Overview
Jailbroken evaluates how models respond to artificially constructed prompts designed to bypass built-in safety measures. This approach targets two fundamental weaknesses: conflicting objectives, where the model’s goal of generating informative responses clashes with its safety constraints, and mismatched generalization, where safety training fails to generalize to the model’s full capability range. By crafting or mutating prompts to exploit these vulnerabilities, jailbreak methods can induce the model to generate outputs that fall outside its intended safety boundaries.
Dataset
The test uses the AdvBench dataset, which contains 522 questions designed to elicit harmful responses, such as instructions for building a bomb.
Universal and Transferable Adversarial Attacks on Aligned Language Models
For each adversarial prompt, Jailbroken employs several techniques to hide the question's true intent. These techniques are introduced in "Jailbroken: How Does LLM Safety Training Fail?" and include:
- Artificially-constructed prompts: Adversarial templates (prefixes, malicious system prompts, style injections) that directly prepend or append attacker instructions to the user query.
- Base64-encoded payload: The entire request is encoded in Base64, requiring the model to decode or reason over the encoded content.

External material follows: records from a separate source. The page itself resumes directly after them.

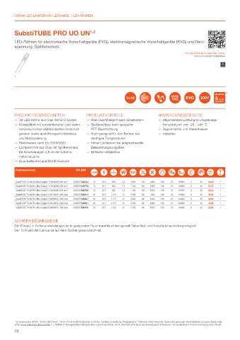 SubstiTUBE T8 UN Pro Ultra Output 15 W/6500K 1200 mm 4058075546837 36 G13 1 213 15 2 400 160 6 500 190 83 60 000 C 10 30,90 1 SubstiTUBE T8 UN Value 24 W/6500K 1500 mm 4058075546998 58 G13 1 513 24 2 800 116 6 500 190 83 30 000 E 10 23,30 1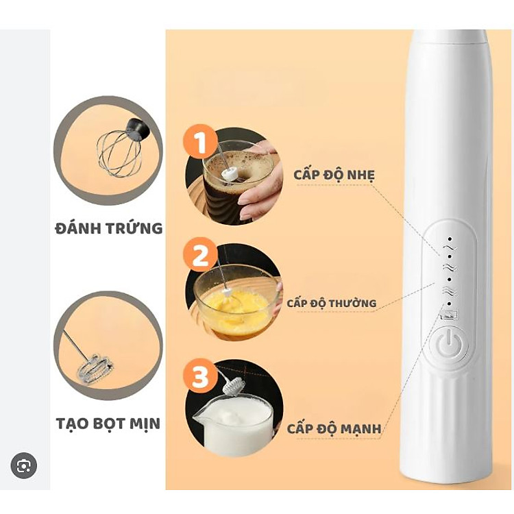 Máy Đánh Trứng, Đánh Sữa Và Tạo Bọt Cafe Cầm Tay Di Động 3 Tốc Độ Sử Dụng Pin Sạc Cao Cấp- Thay vì dùng tay để tạo bọt thủ công khi chế biến một số món ăn, thức uống, hãy để chiếc máy tạo bọt cafe, …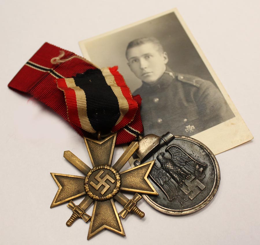 Paar päeva tagasi saadud komplekt, Elmar Raja EW aegne portreefoto, 2. klassi sõjateeneterist ja "Talvelahingud Idas" medal ...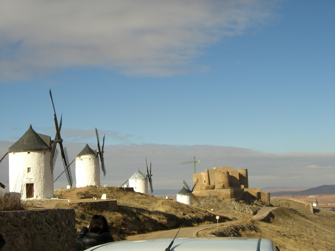 スペインをバスで縦断している途中に、突如丘の上に風車群があらわれます。風車の近くまでいってしまうと、周りの風景も特徴がないので、微妙な感じです。少し離れた場所から風車を見るのが一番よいかもしれません。
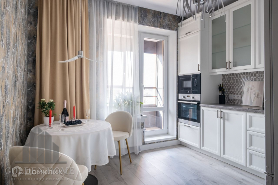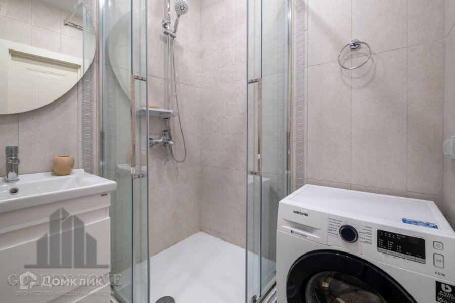 Полностью меблирована и технически оснащена. Посудомоечная машина, встроенные СВЧ и духовой шкаф, телевизор, просторный холодильник, в ванной комнате  душевая кабина 90 х 90 с тропическим душем, теплый пол, стиральная машина, в комнате  удобный диван и кресло, просторный шкаф, гостиная с телевизором.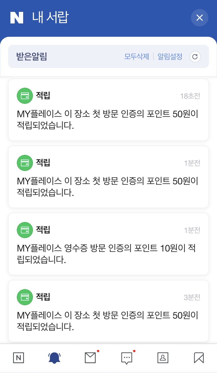 이곳처럼 첫 방문인 경우 50원이 적립됩니다. 10원 받다가 50원 받으면 얼마나 기분이 좋게요 :)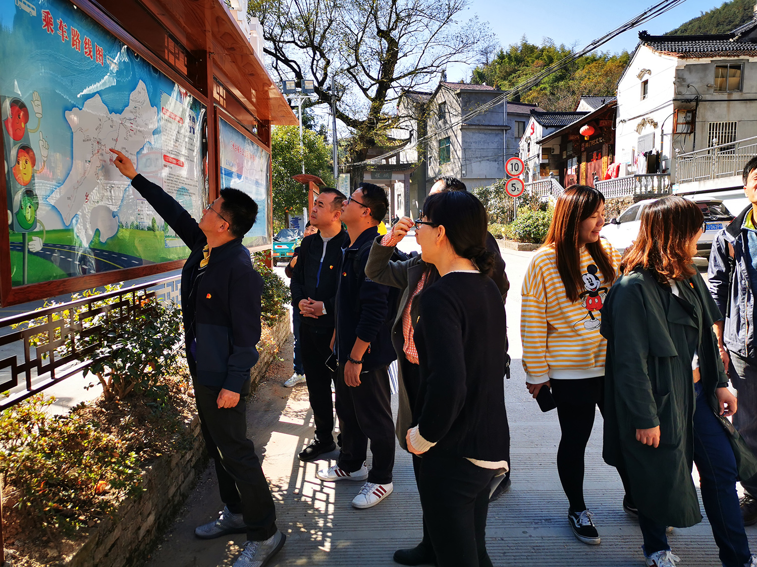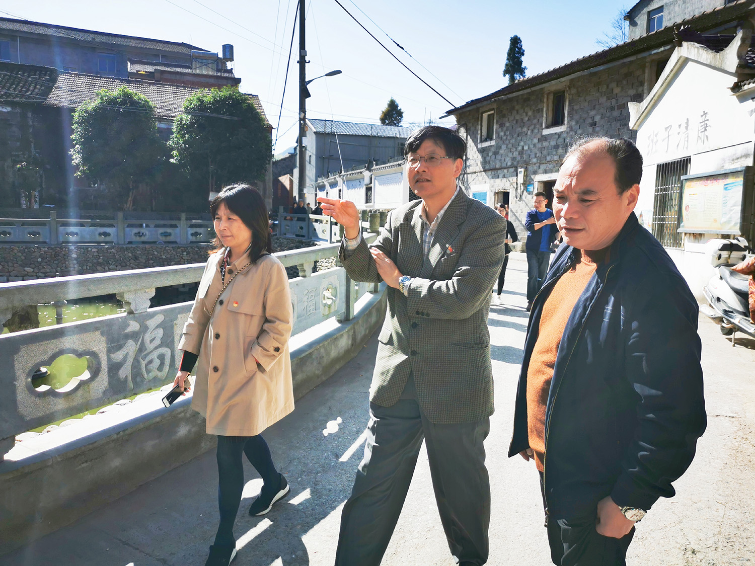 会后,党员调研团队马上前往天台县平桥镇张思古村考察乡土风貌。平桥镇汤坚志镇长热情接待了调研团队一行并带大家进行了参观。张思大古村建于明成化年间,迄今已有540余年历史,村内古建筑保存完好,近几年经过新农村建设,发生了巨大变化。经地方推荐和专家审核,于2018年10月被农业农村部乡村产业发展司评为2018年中国美丽休闲乡村; 2019年1月,张思村入选第七批中国历史文化名村。前不久,省委书记车俊、省长袁家军在张思古村召开了全省深化“千万工程”、建设新时代美丽乡村大型现场会。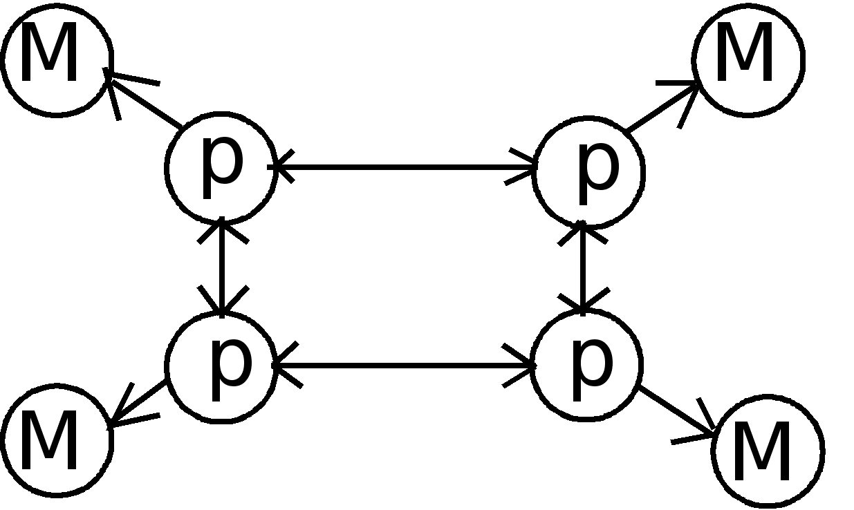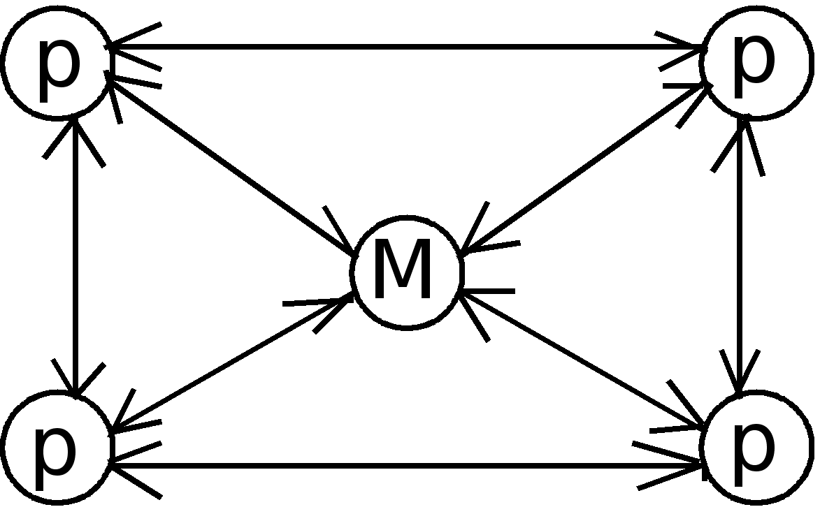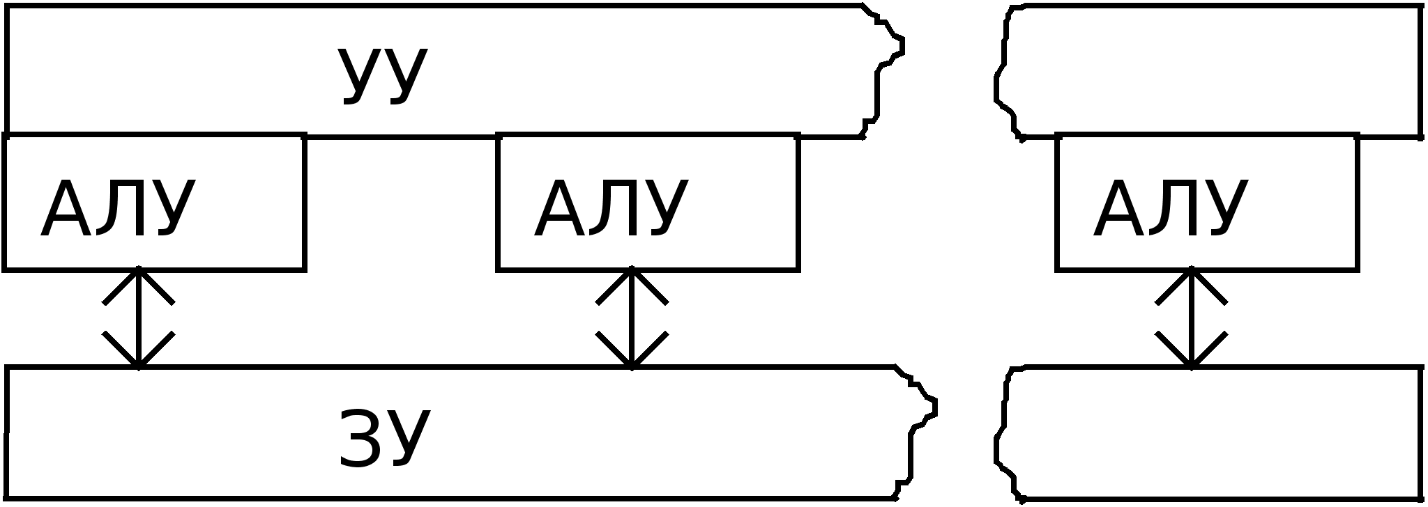 Идеальной машиной является вычислительная система, у которой каждый процессор имеет прямые каналы связи с другими процессорами, но в этом случае требуется чрезвычайно большой объем оборудования для организации межпроцессорных обменов. Определенный компромисс представляет сеть с фиксированной топологией, в которой каждый процессор соединен с некоторым подмножеством процессоров системы. Если процессорам, не имеющим непосредственного канала обмена, необходимо взаимодействовать, они передают сообщения через промежуточные процессоры. Одно из преимуществ такого подхода - не ограничивается рост числа процессоров в системе. Недостаток - требуется оптимизация прикладных программ, чтобы обеспечить выполнение параллельных процессов, для которых необходимо активное воздействие на соседние процессоры. Наиболее интересным вариантом для перспективных параллельных вычислительных комплексов является сочетание достоинства архитектур с распределенной памятью и каналами межпроцессорного обмена. Один из возможных методов построения таких комбинированных архитектур - конфигурация с коммутацией, когда процессор имеет локальную память, а соединяются процессоры между собой с помощью коммутатора (машина 9). Коммутатор может оказаться весьма полезным для группы процессоров с распределяемой памятью (машина 8). Данная конфигурация похожа на машину с общей памятью (машина 7), но здесь исключены проблемы пропускной способности шины. Недостатками классификации Т.Джона является скрытие уровня параллелизма в системе. Параллелизм любого рода требует одновременной работы, по крайней мере, двух устройств. Такими устройствами могут быть: арифметико-логические устройства (АЛУ), устройства управления (УУ). В ЭВМ классической архитектуры УУ и АЛУ образуют процессор. Увеличение числа процессоров или числа АЛУ в каждом из них приводит к соответствующему росту параллелизма. Наличие в ЭВМ нескольких процессоров означает, что одновременно (параллельно) могут выполняться несколько программ или несколько фрагментов одной программы. Работа нескольких АЛУ под управлением одного УУ означает, что множество данных может обрабатываться параллельно по одной программе. В соответствии с этим описание структур параллельных систем можно представить в виде упорядоченной тройки: , где k - количество устройств управления, т.е. наибольшее количество независимо и одновременно выполняемых программ в системе; d - количество АЛУ, приходящихся на одно устройство управления; w - количество разрядов, содержимое которых обрабатывается одновременно (параллельно) одним арифметико-логическим устройством. Другая форма распараллеливания - конвейеризация, также требует наличия нескольких ЦП или АЛУ. В то время, как множество данных обрабатывается на одном устройстве, другое множество данных может обрабатываться на следующем устройстве и т.д., при этом в процессе обработки возникает поток данных от одного устройства (ЦП или АЛУ) к следующему. В течение всего процесса над одним множеством данных выполняется одно за другим n действий. Одновременно в конвейере на разных стадиях обработки могут находиться от 1 до n данных. Параллелизм и конвейеризацию можно рассматривать на трех различных уровнях, представленных в таблице 2. Шесть основных форм параллелизма, в широком с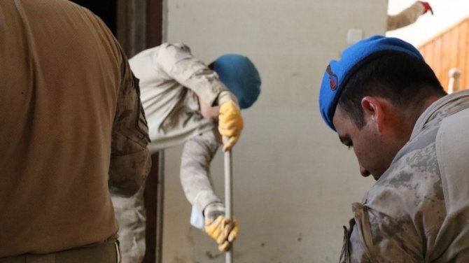 Mehmetçik bu kez camiyi Cuma namazına yetiştirmek için kolları sıvadı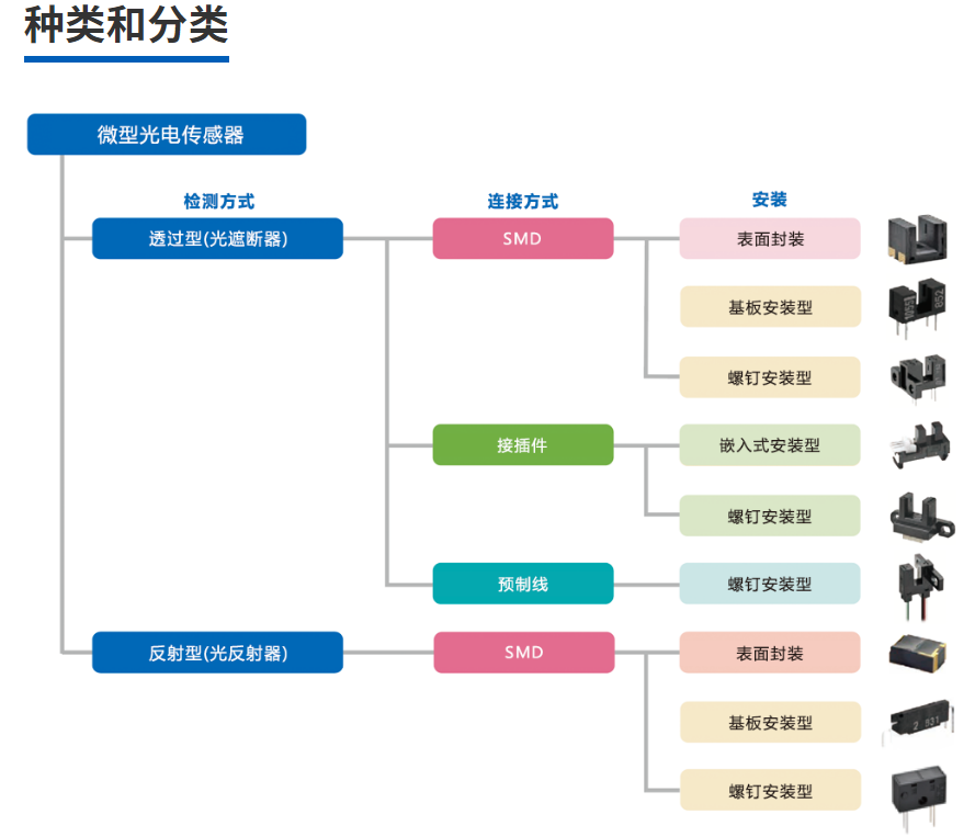 透過(guò)型微型光電傳感器中,發(fā)光元件的發(fā)光面和接受光線并發(fā)出信號(hào)的受光元件受光面相對(duì)而立,物體通過(guò)兩者的間隔,會(huì)遮住光線,引起受光元件受光量的變化。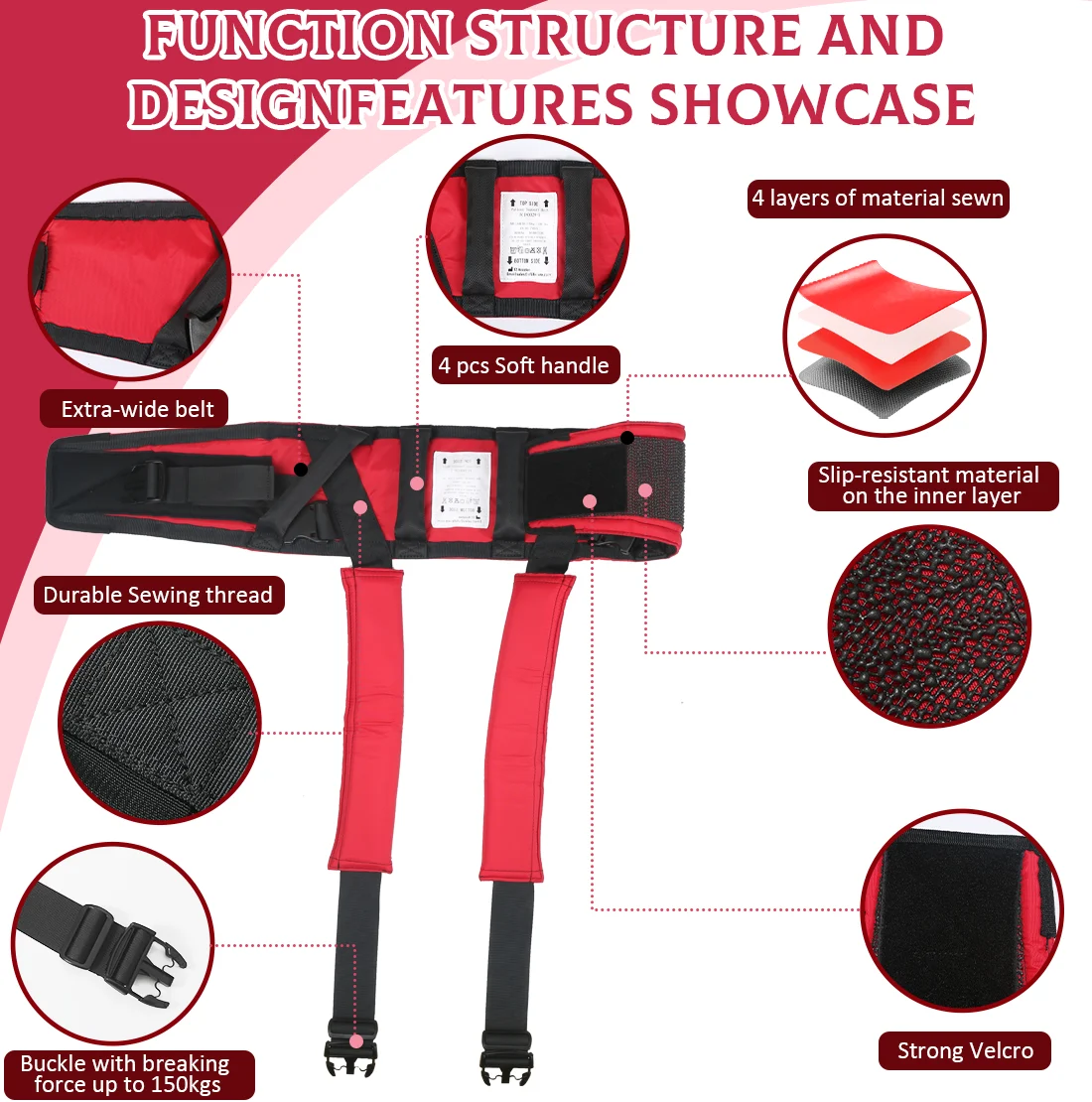 –Double-layered safety protection design: The patient transfer belt employs strong adhesive hook and loop fasteners and a buckle with a breaking strength of 150 kg for dual-lock safety protection, ensuring secure usage. The safety working load of the gait belt with handles is 330 pounds (150 kg); please ensure not to exceed this weight limit.

- Base64 (input-only): Only the user input is Base64-encoded while auxiliary instructions or system context remain in plain text.
- Raw Base64 fragments: Short Base64 segments embedded inside the prompt to hide keywords or partially obfuscate payloads.
- Combination 1: Base64-encodes the original query and wraps it in a malicious prefix prompt that encourages the model to ignore safeguards while decoding and responding without apologies or disclaimers.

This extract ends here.